--- DATA TO PROCESS ---

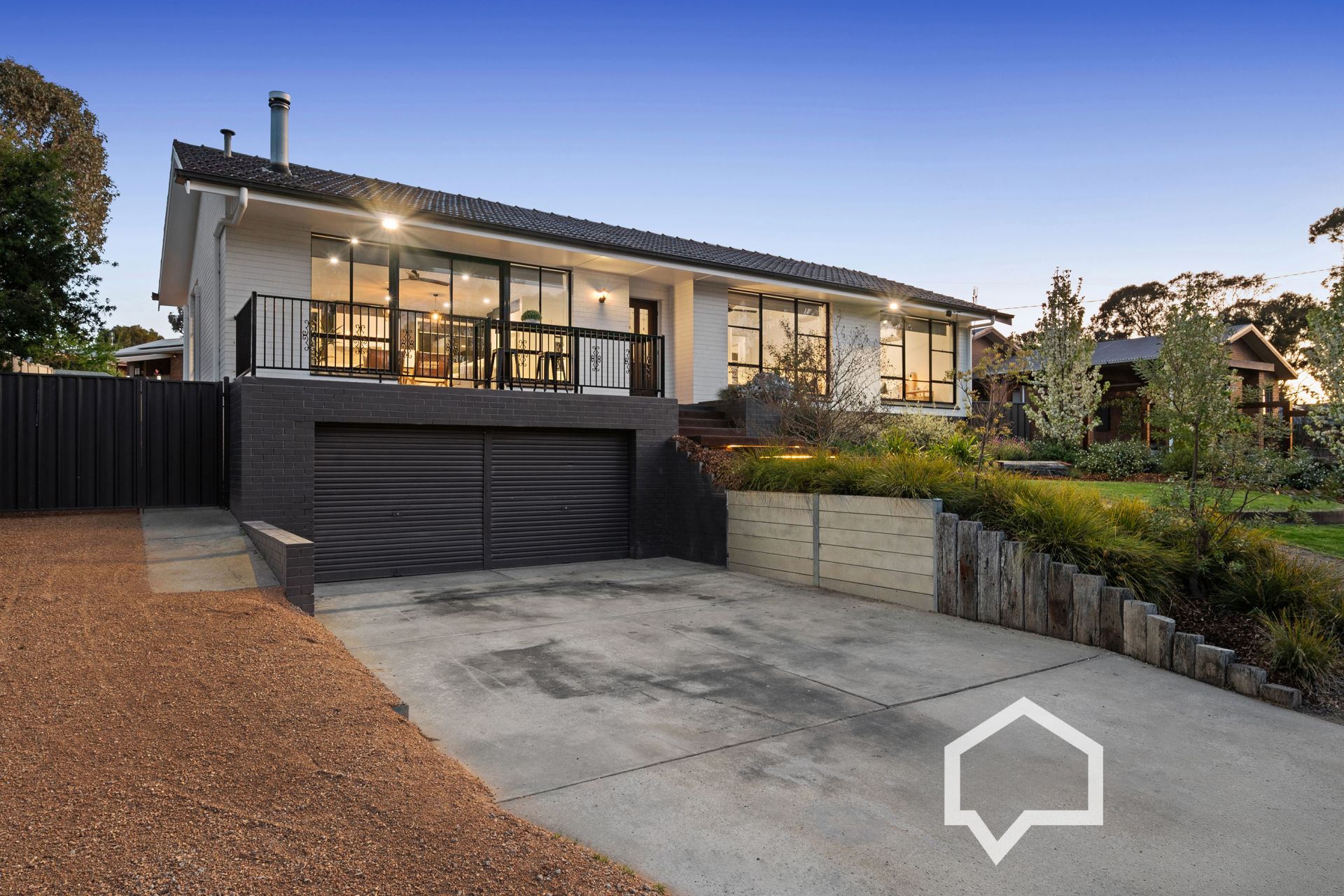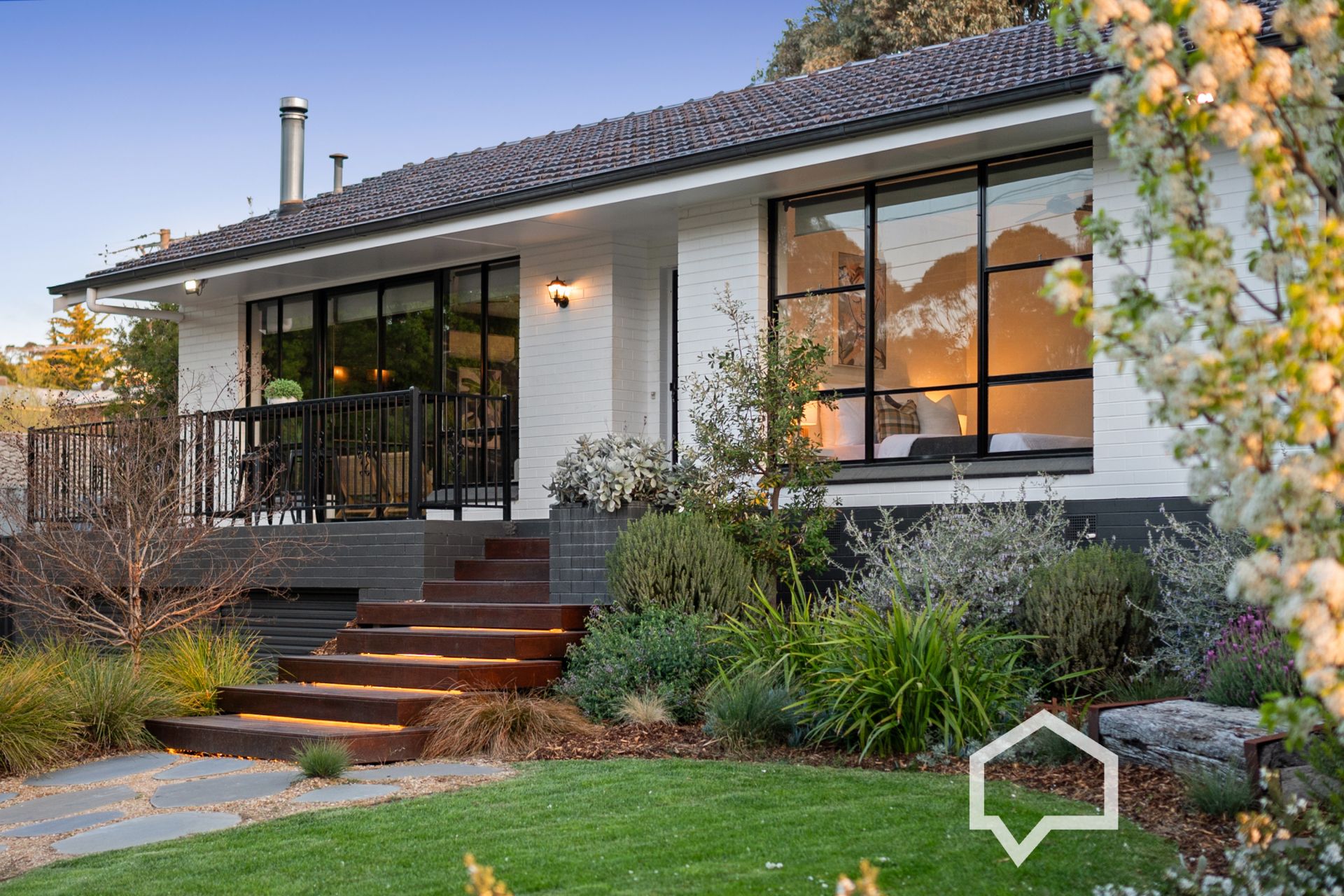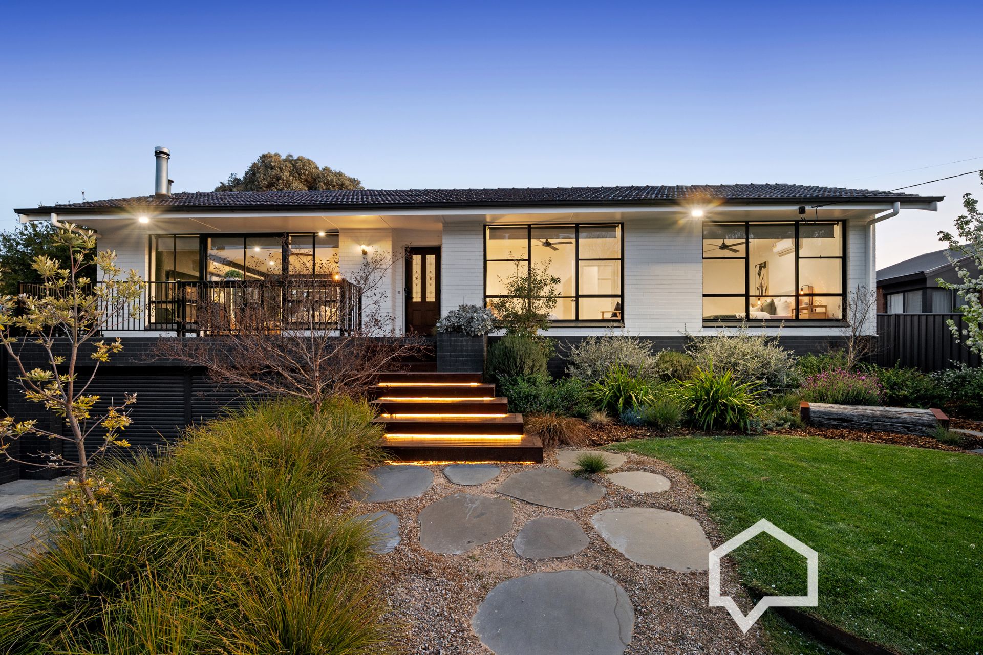 A professional landscaping design has transformed the approx 671m² elevated lot with a sweeping stone path to night-illuminated timber stairs to the front entry. The front garden features hardy shrubbery under flowering ornamental pear trees behind circular lawns with rustic sleeper seating.
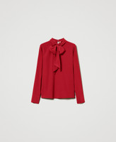 Blouse made from soft feel viscose and silk crêpe de Chine with pussy bow tie neck. Opening on the back with button and eyelet, long loose sleeves with cuffs and buttons, no lining, straight fit.
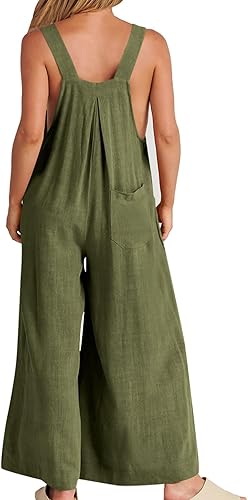 Cotton Lined Bib Overalls for Girls Summer Jumpsuits Boho Wide Leg Pants Casual Solid Rompers Beach Outfits with 1(Ag,11-12 Years)
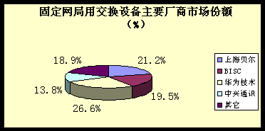 (2)市場特點(diǎn):市場份額進(jìn)一步向業(yè)內(nèi)領(lǐng)先者集中,華為技術(shù)、上海貝爾、BISC 依然保持該領(lǐng)域三甲地位,市場份額占市場總量的67.3%。上述三家廠商各自的市場份額分別占到市場總量的26.6%、21.2%、19.5%。 此外,以中興通訊 、華為技術(shù)為代表的非外資設(shè)備廠商積極開拓國外市場以實(shí)現(xiàn)其國際化發(fā)展戰(zhàn)略。 中心城市市場趨于飽和,市場競爭焦點(diǎn)向本地網(wǎng)機(jī)型拆換和中小城市以下市場轉(zhuǎn)移。激烈的價(jià)格競爭導(dǎo)致該市場平均利潤微薄。
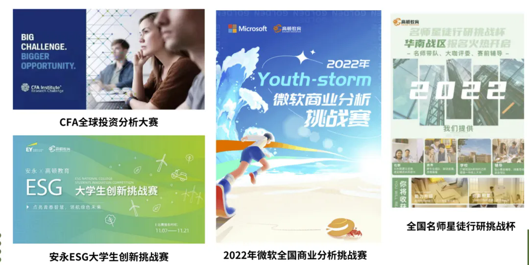 ②主题商业挑战赛:学员专属金融商赛,名气加持,意在通过商赛丰富学员经历,多维度提升学员能力,在掌握课程技能方法的同时,实现从个人应用能力到团队协作能力的全面进阶
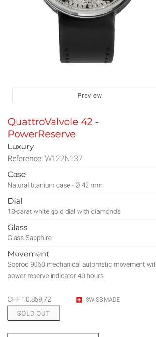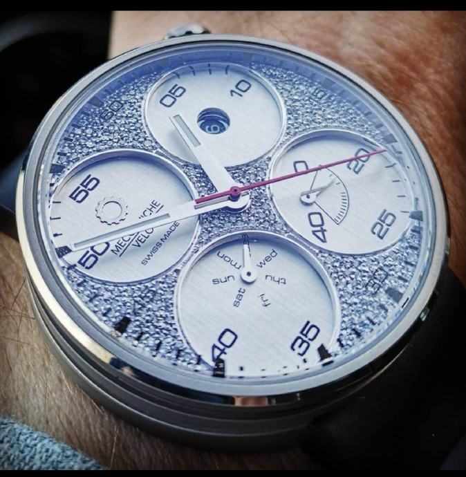 Sat je kao nov, stavljen na ruku nekoliko puta u posebnim prilikama, kombinacija titana, 18-karat bijelog zlata i dijamanata, cijena novog 9900€, moguca zamjena
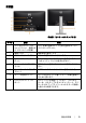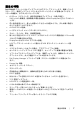 ユーザコントロー ルを押しても入力 信号がない 画像が表示され ず、LED が白く 点灯 • 信号ソースをチェックします。マウスを動かすかキー • • ピクチャが画面全 体に表示されない ピクチャを画面の 高さまたは幅いっ ぱいに表示でき ない ボードのどれかのキーを押して、コンピューターが省電 力モードに入っていないことを確認します。 信号ケーブルが正しく差し込まれているかどうかを チェックします。必要に応じて、信号ケーブルを差し込 み直してください。 コンピューターまたはビデオプレーヤーを再起動し ます。 • DVD の異なるビデオ形式により、モニターが全画面で 表示できないことがあります。 • 内蔵診断を実行します。 注:HDMI/DP モードを選択しているとき、自動調整機能は使用できません。 ユニバーサル シリアル バス (USB) 特有の問題 特定の症状 USB インター フェースが作動し ていない 発生した問題 USB 周辺機器が作 動していない 実行可能な解決策 • モニターの電源がオンになっているかをチェックし ます。 • アップストリーム ケーブルをコンピューターに
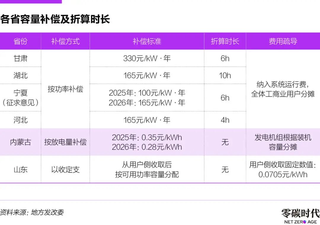 甘肅省在2025年底出臺的容量電價試行機(jī)制中首次明確“系統(tǒng)凈負(fù)荷高峰持續(xù)時長暫定為6小時”,其余省份雖然沒有明確提出,但是曾將類似概念的折算比例定在10小時、6小時或4小時,可以作為參照系數(shù)。這表明,目前占據(jù)市場規(guī)模半數(shù)以上的2小時級儲能在容量電價折算標(biāo)準(zhǔn)前將大打折扣,4小時以上的長時儲能得到的容量補(bǔ)償將比之翻倍甚至更多。
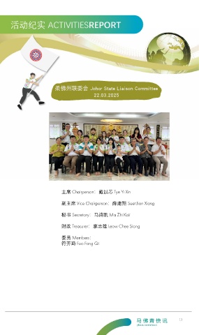 柔佛州联委会 Johor State Liaison Committee 22.03.2025 主席 Chairperson:戴以芯 Tye Yi Xin 副主席 Vice Chairperson:薛建翔 Seet Jian Xiang 秘书 Secretary:马诗凯 Ma Zhi Kaii 财政 Treasurer:廖志雄 Leow Chee Siong 委员 Members: 符芳琦 Foo Fang Qi 11
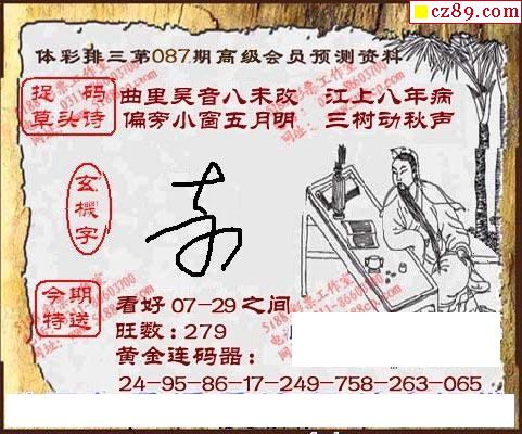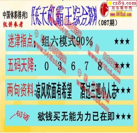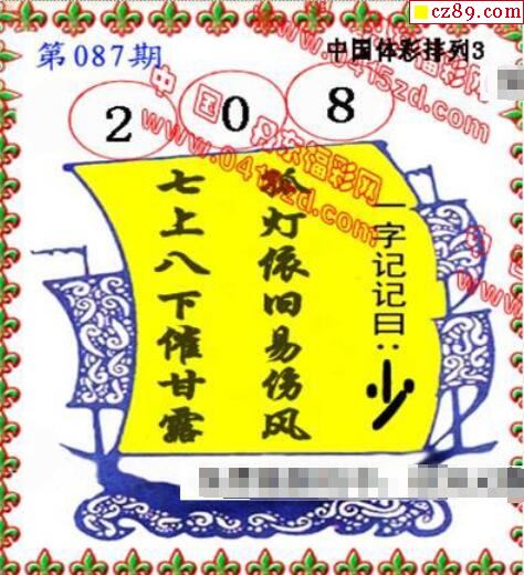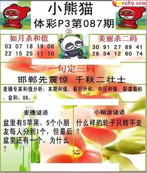 2021年087期牛彩网体彩P3画迷图谜汇总分享
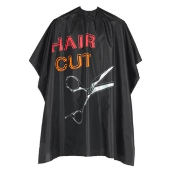 Schwarzer Haarschneide-Umhang aus Nylon, mit einem elastischen Kragen und Hakenverschluss. Wasserdicht und antistatisch. Größe: 125 x 145 cm.
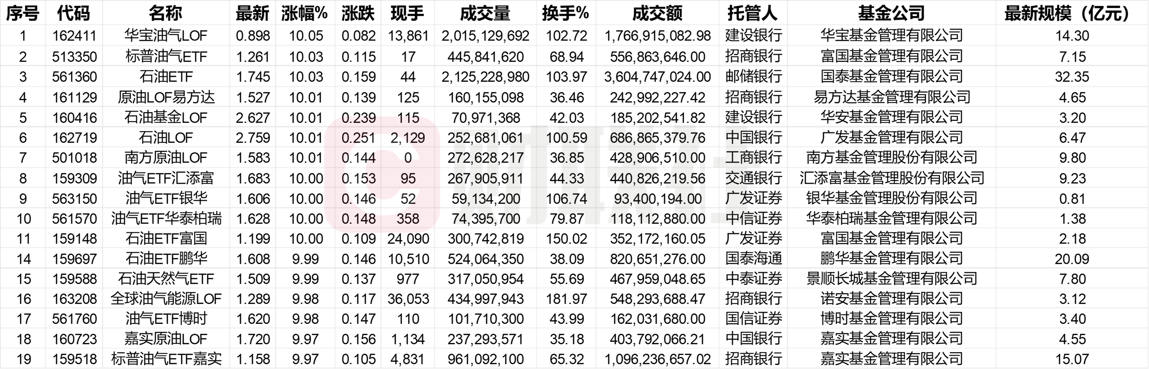 19只上市油气基金全线爆发,均达到10%的涨停限制
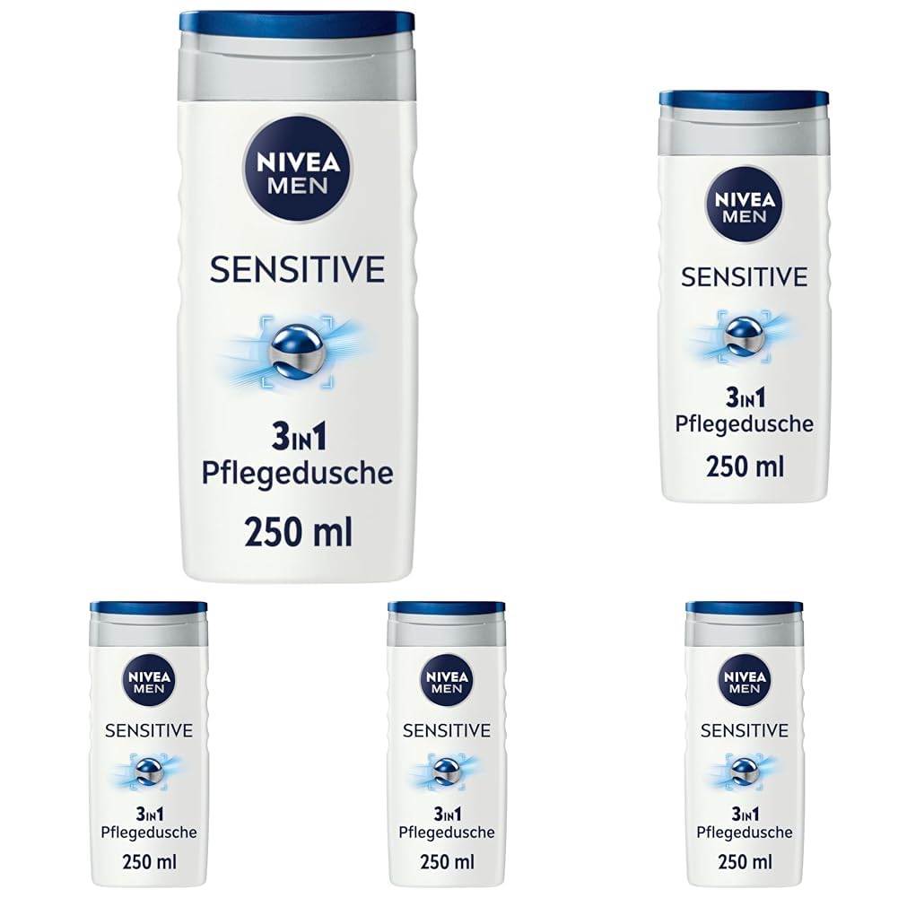 Nivea Men Sensitive 3-in-1 Shower Gel 250 ml (Pack of 2) Unscented 250 ml (Pack of 2)
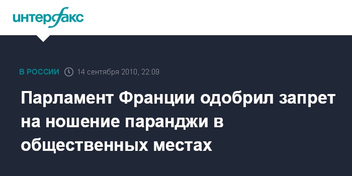 Париж. 14 сентября. INTERFAX.RU - Законопроект, предусматривающий введение запрета на ношение паранджи в общественных местах, одобрен парламентом Франции, информирует во вторник газета Le Figaro.
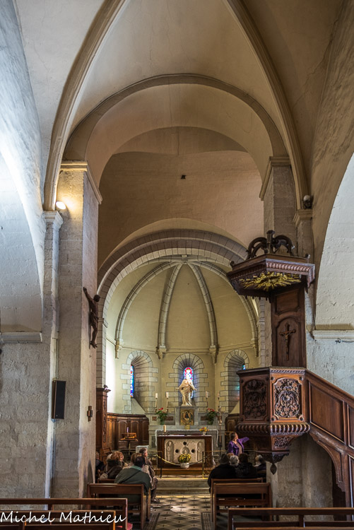 A l’est, un ensemble roman très intéressant constitué par un transept voûté en berceau sur arcs doubleaux auquel sont accolés un chevet pentagonal et une absidiole voûtés sur branches d'ogives qui semblent remonter au début du XIIIe siècle.
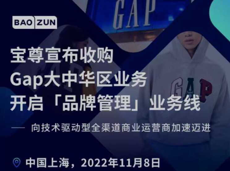 2022年11月8日,宝尊官方微信公众平台发布消息称,将以全现金交易的方式收购GAP大中华区业务。作为收购计划的一部分,宝尊还会推出全新的“品牌管理”业务线。

---

Leave the pictures out and reproduce each record exactly as written.

RESULT FOR THIS TASK:
 A professional landscaping design has transformed the approx 671m² elevated lot with a sweeping stone path to night-illuminated timber stairs to the front entry. The front garden features hardy shrubbery under flowering ornamental pear trees behind circular lawns with rustic sleeper seating.
 Blouse made from soft feel viscose and silk crêpe de Chine with pussy bow tie neck. Opening on the back with button and eyelet, long loose sleeves with cuffs and buttons, no lining, straight fit.
 Cotton Lined Bib Overalls for Girls Summer Jumpsuits Boho Wide Leg Pants Casual Solid Rompers Beach Outfits with 1(Ag,11-12 Years)
 (2)市場特點(diǎn):市場份額進(jìn)一步向業(yè)內(nèi)領(lǐng)先者集中,華為技術(shù)、上海貝爾、BISC 依然保持該領(lǐng)域三甲地位,市場份額占市場總量的67.3%。上述三家廠商各自的市場份額分別占到市場總量的26.6%、21.2%、19.5%。 此外,以中興通訊 、華為技術(shù)為代表的非外資設(shè)備廠商積極開拓國外市場以實(shí)現(xiàn)其國際化發(fā)展戰(zhàn)略。 中心城市市場趨于飽和,市場競爭焦點(diǎn)向本地網(wǎng)機(jī)型拆換和中小城市以下市場轉(zhuǎn)移。激烈的價(jià)格競爭導(dǎo)致該市場平均利潤微薄。
 ②主题商业挑战赛:学员专属金融商赛,名气加持,意在通过商赛丰富学员经历,多维度提升学员能力,在掌握课程技能方法的同时,实现从个人应用能力到团队协作能力的全面进阶
 Sat je kao nov, stavljen na ruku nekoliko puta u posebnim prilikama, kombinacija titana, 18-karat bijelog zlata i dijamanata, cijena novog 9900€, moguca zamjena
 ユーザコントロー ルを押しても入力 信号がない 画像が表示され ず、LED が白く 点灯 • 信号ソースをチェックします。マウスを動かすかキー • • ピクチャが画面全 体に表示されない ピクチャを画面の 高さまたは幅いっ ぱいに表示でき ない ボードのどれかのキーを押して、コンピューターが省電 力モードに入っていないことを確認します。 信号ケーブルが正しく差し込まれているかどうかを チェックします。必要に応じて、信号ケーブルを差し込 み直してください。 コンピューターまたはビデオプレーヤーを再起動し ます。 • DVD の異なるビデオ形式により、モニターが全画面で 表示できないことがあります。 • 内蔵診断を実行します。 注:HDMI/DP モードを選択しているとき、自動調整機能は使用できません。 ユニバーサル シリアル バス (USB) 特有の問題 特定の症状 USB インター フェースが作動し ていない 発生した問題 USB 周辺機器が作 動していない 実行可能な解決策 • モニターの電源がオンになっているかをチェックし ます。 • アップストリーム ケーブルをコンピューターに
 甘肅省在2025年底出臺的容量電價試行機(jī)制中首次明確“系統(tǒng)凈負(fù)荷高峰持續(xù)時長暫定為6小時”,其余省份雖然沒有明確提出,但是曾將類似概念的折算比例定在10小時、6小時或4小時,可以作為參照系數(shù)。這表明,目前占據(jù)市場規(guī)模半數(shù)以上的2小時級儲能在容量電價折算標(biāo)準(zhǔn)前將大打折扣,4小時以上的長時儲能得到的容量補(bǔ)償將比之翻倍甚至更多。
 柔佛州联委会 Johor State Liaison Committee 22.03.2025 主席 Chairperson:戴以芯 Tye Yi Xin 副主席 Vice Chairperson:薛建翔 Seet Jian Xiang 秘书 Secretary:马诗凯 Ma Zhi Kaii 财政 Treasurer:廖志雄 Leow Chee Siong 委员 Members: 符芳琦 Foo Fang Qi 11
 2021年087期牛彩网体彩P3画迷图谜汇总分享
 Schwarzer Haarschneide-Umhang aus Nylon, mit einem elastischen Kragen und Hakenverschluss. Wasserdicht und antistatisch. Größe: 125 x 145 cm.
 19只上市油气基金全线爆发,均达到10%的涨停限制
 Nivea Men Sensitive 3-in-1 Shower Gel 250 ml (Pack of 2) Unscented 250 ml (Pack of 2)
 Париж. 14 сентября. INTERFAX.RU - Законопроект, предусматривающий введение запрета на ношение паранджи в общественных местах, одобрен парламентом Франции, информирует во вторник газета Le Figaro.
 A l’est, un ensemble roman très intéressant constitué par un transept voûté en berceau sur arcs doubleaux auquel sont accolés un chevet pentagonal et une absidiole voûtés sur branches d'ogives qui semblent remonter au début du XIIIe siècle.
 2022年11月8日,宝尊官方微信公众平台发布消息称,将以全现金交易的方式收购GAP大中华区业务。作为收购计划的一部分,宝尊还会推出全新的“品牌管理”业务线。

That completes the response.